The first squadron of home-grown Light Combat Aircraft (LCA) Tejas was inducted into Indian Air Force (IAF) at the Aircraft System Testing Establishment in Bengaluru on 1 July 2016. The squadron has been named ‘Flying Daggers’ 45.
• State-run Hindustan Aeronautics Limited (HAL) handed over the first two Tejas aircraft to the Air Force.
• The aircraft will be operated for nearly two years by the squadron at Bengaluru before it is moved to its designated location at Sulur near Coimbatore in Tamil Nadu.
• According to IAF, the idea is to have a total of six aircraft this financial year 2016-17 and about eight in the financial year 2017-18. Tejas will feature in combat plan of the IAF in 2017 and will be deployed in forward bases also.

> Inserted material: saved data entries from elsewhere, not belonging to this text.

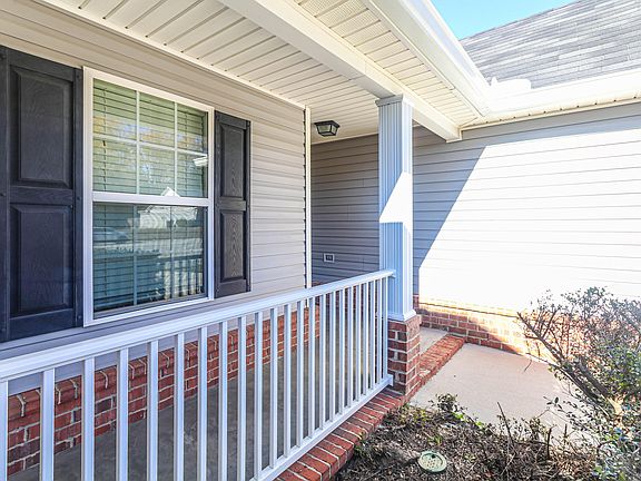 The kitchen is well-equipped with a pantry, breakfast bar, built-in microwave, smooth-top range, dishwasher, and refrigerator—all ready for your next meal. The owner's suite includes a spacious walk-in closet and a relaxing garden tub. Thoughtful touches like ceiling fans in the living room and both bedrooms, a linen closet, blinds throughout, and a covered front porch ideal for rocking chairs add comfort and convenience.
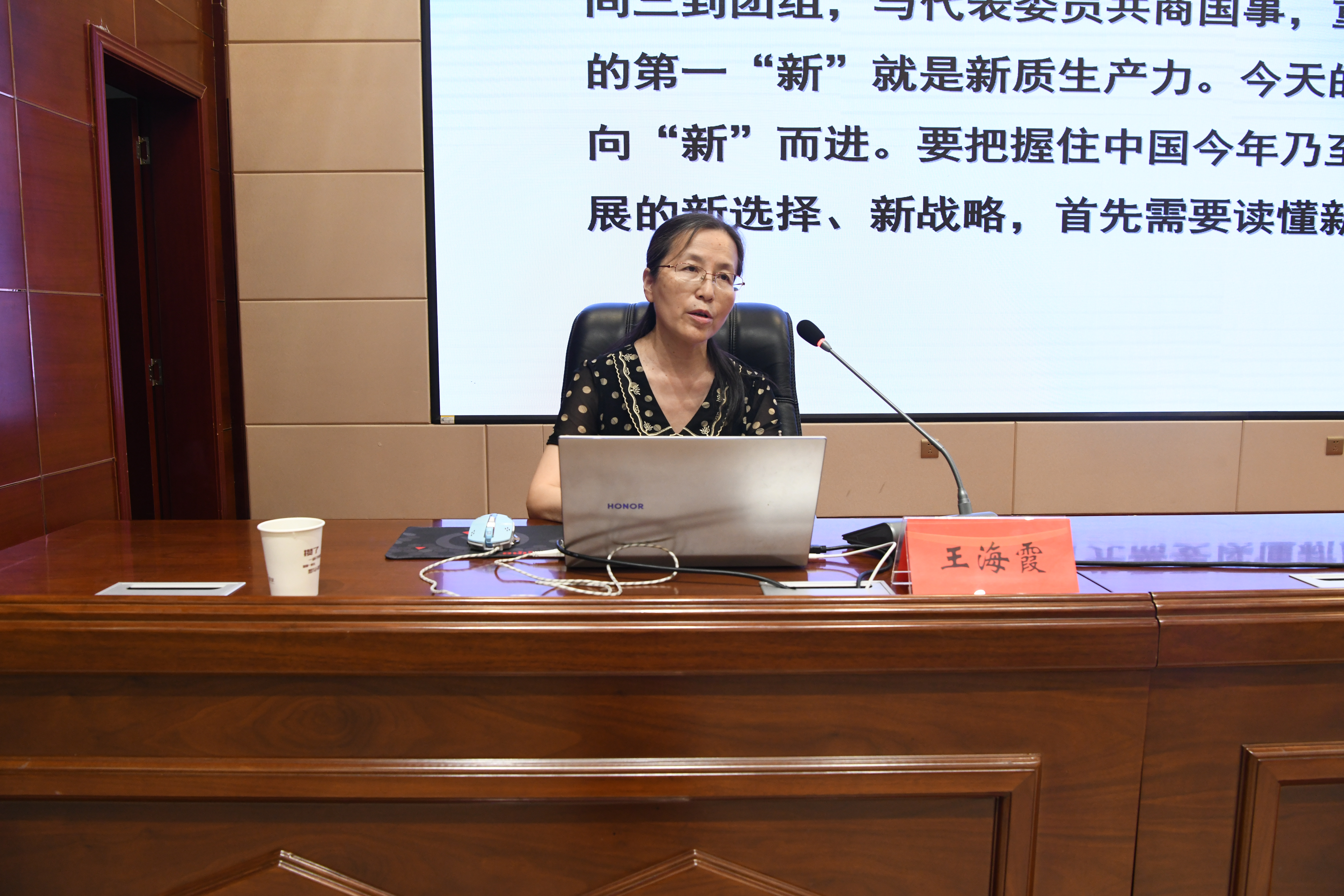 王海霞教授以《新質(zhì)生產(chǎn)力的內(nèi)涵要義、發(fā)展要求和發(fā)展重點》為題,通過多個鮮活的案例深入闡釋了新質(zhì)生產(chǎn)力的理論內(nèi)涵及核心要義,緊扣社會熱點,將理論轉(zhuǎn)化為知識點,為我們帶來很多啟發(fā)。
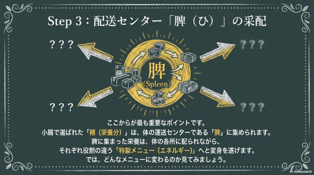 体の運送センターである「脾(ひ)」へと集められるのです。
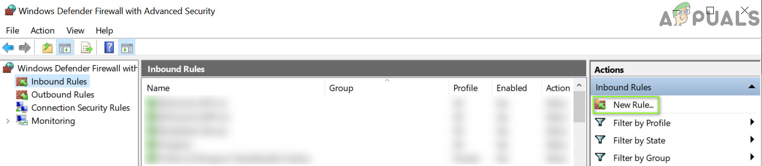 Allow the Minecraft Connection Through the Windows Defender Firewall - Then select Inbound Rules & click on New Rule.
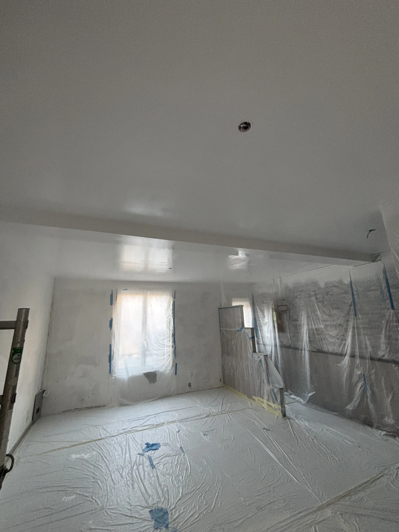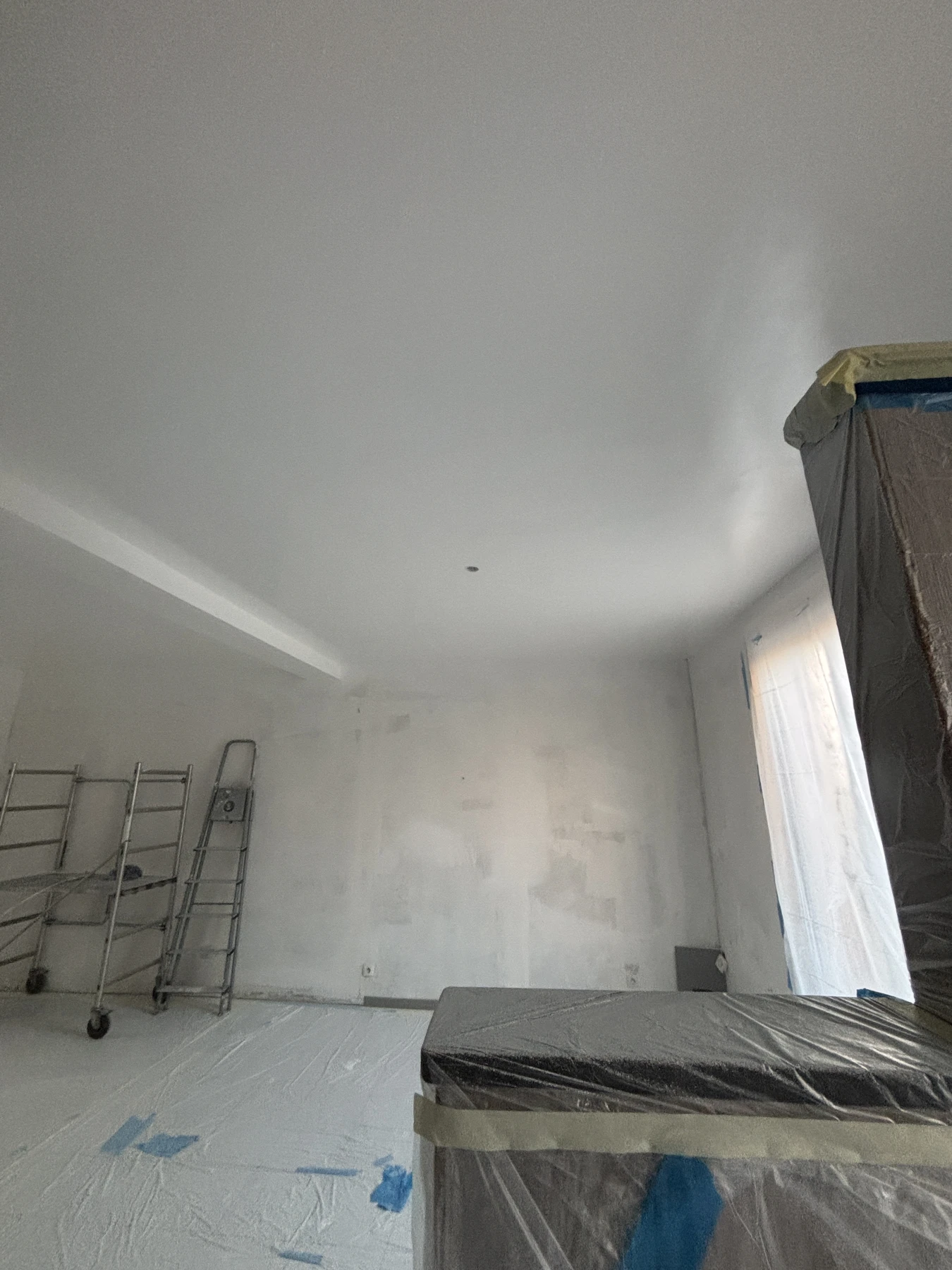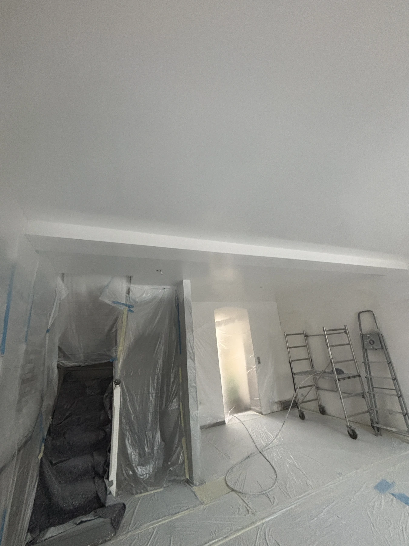 Mise en peinture 2 couches au pistolet airless pour ce plafond sur la ville de Mers-les-Bains (76) (80)
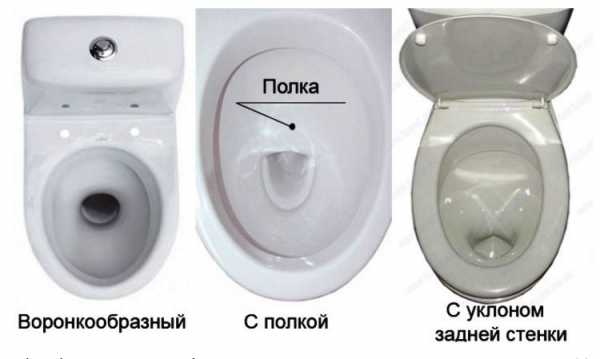 Почти все современные производители отказались от этого варианта и теперь выпускают конструкции с чашами, имеющими форму воронки. В подобном случае продукты жизнедеятельности сразу же сбрасываются в воду по сливу.
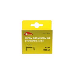 Скобы тип 53 Miles N3-12-D предназначены для степлеров MiLES TP-5525, TP-5560, TP-5561, TS-5580, TS-5592, TS-5595, TP-6001, TA-5596, TS-5585K, TA-5597, TPS-5550, TS-5552. Применяются для скрепления между собой различных материалов. Скобы изготовлены из среднеуглеродистой стали, заострены и оцинкованы. Количество в упаковке – 1000 шт. Оцинкованные скобы тип 53, 12 мм, 1000 шт. для степлеров: устойчивы к коррозии, подходят для дерева, отделки, обивки и установки изоляции.
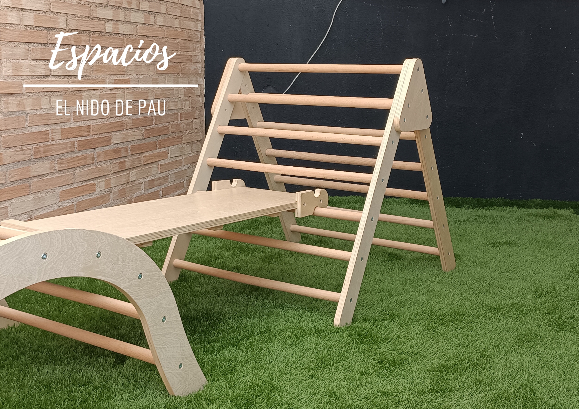 Este espacio tiene una puerta que da a un pequeño patio al aire libre, donde los niños y las niñas pueden jugar con material Pikler y pintar en la pizarra que hay en la pared.
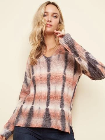 Stay cool and collected in unpredictable fall temps with this soft knit sweater featuring a flattering V-neckline. The tie-dyed pattern is printed right on the knit, and a short split on the sides ups the comfy factor.
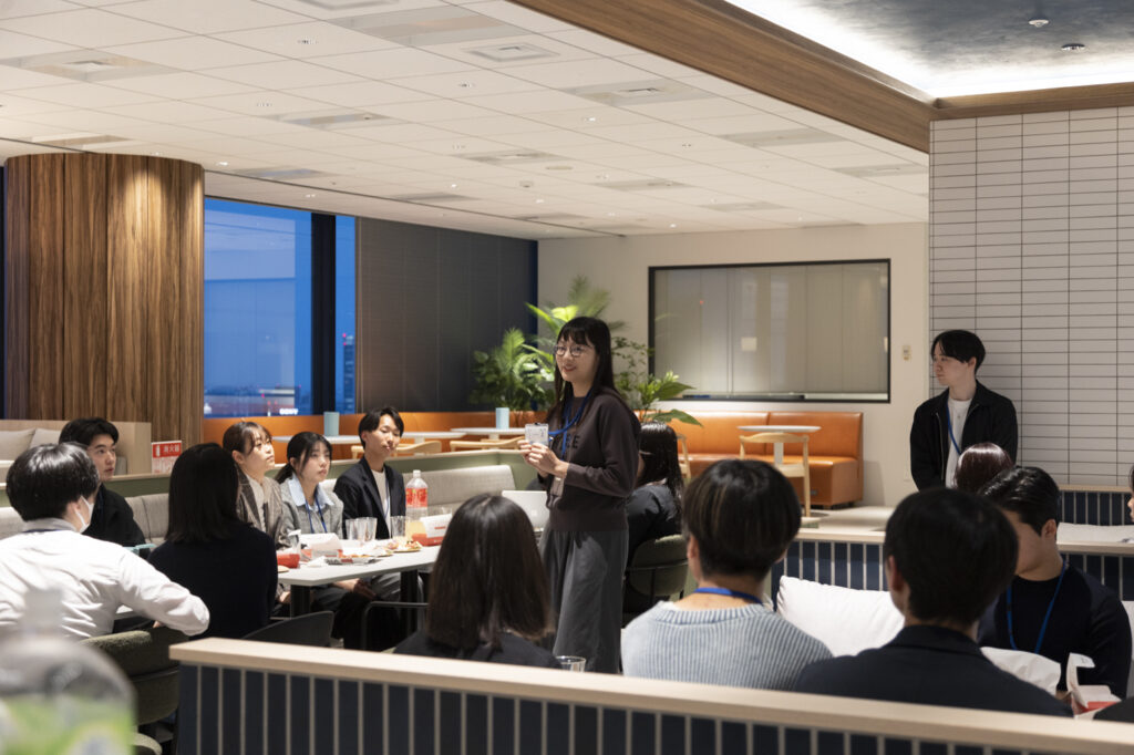 前半は、インターン生がオフィスツアーの案内や社員に向けた質問の整理を先導して行い、後半は、社員が加わり学生が自由に質問できる場を設けました。

• All squadrons of Tejas will have 20 planes in total, including four in reserve. As per the plan, while 20 would be inducted under the Initial Operational Clearance, another 20 will be inducted later with Beyond Visual Range Missile (BVR) and some other features.
• IAF plans to induct over 80 aircraft with better specifications known as Tejas 1A. The upgraded version of Tejas, with Active Electrically Scanned Array Radar, Unified Electronic Warfare Suite, mid-air refueling capacity and advanced beyond the vision range missiles, will cost between 275 crore and 300 crore rupees.
• The Light Combat Aircraft Tejas is a supersonic, single-seat, single-engine multirole light fighter aircraft that uses fourth generation technologies.
• It was co-developed by the Aeronautical Development Agency in cooperation with the Bengaluru-based Hindustan Aeronautics Limited.
• It is built from CFC materials and has unstable aerodynamics
• It is equipped with a quadruplex digital fly-by-wire flight control system to ease handling by the pilot
• It incorporates an advanced glass cockpit that comprises all the round dialed electro-mechanical instruments
• It is fitted with the coherent pulse-Doppler Multi Mode Radar that is designed to operate equally effectively in the Air to Air and Air to Surface domains.
• It is fitted with Open Architecture Computer (OAC)
This induction of the two aircrafts in the IAF helped in ending the three decades long wait of induction of a homemade aircraft in forces. India in 1970s conceptualised the idea of having an indigenous fighter aircraft but the actual work on the same was started in 1980s.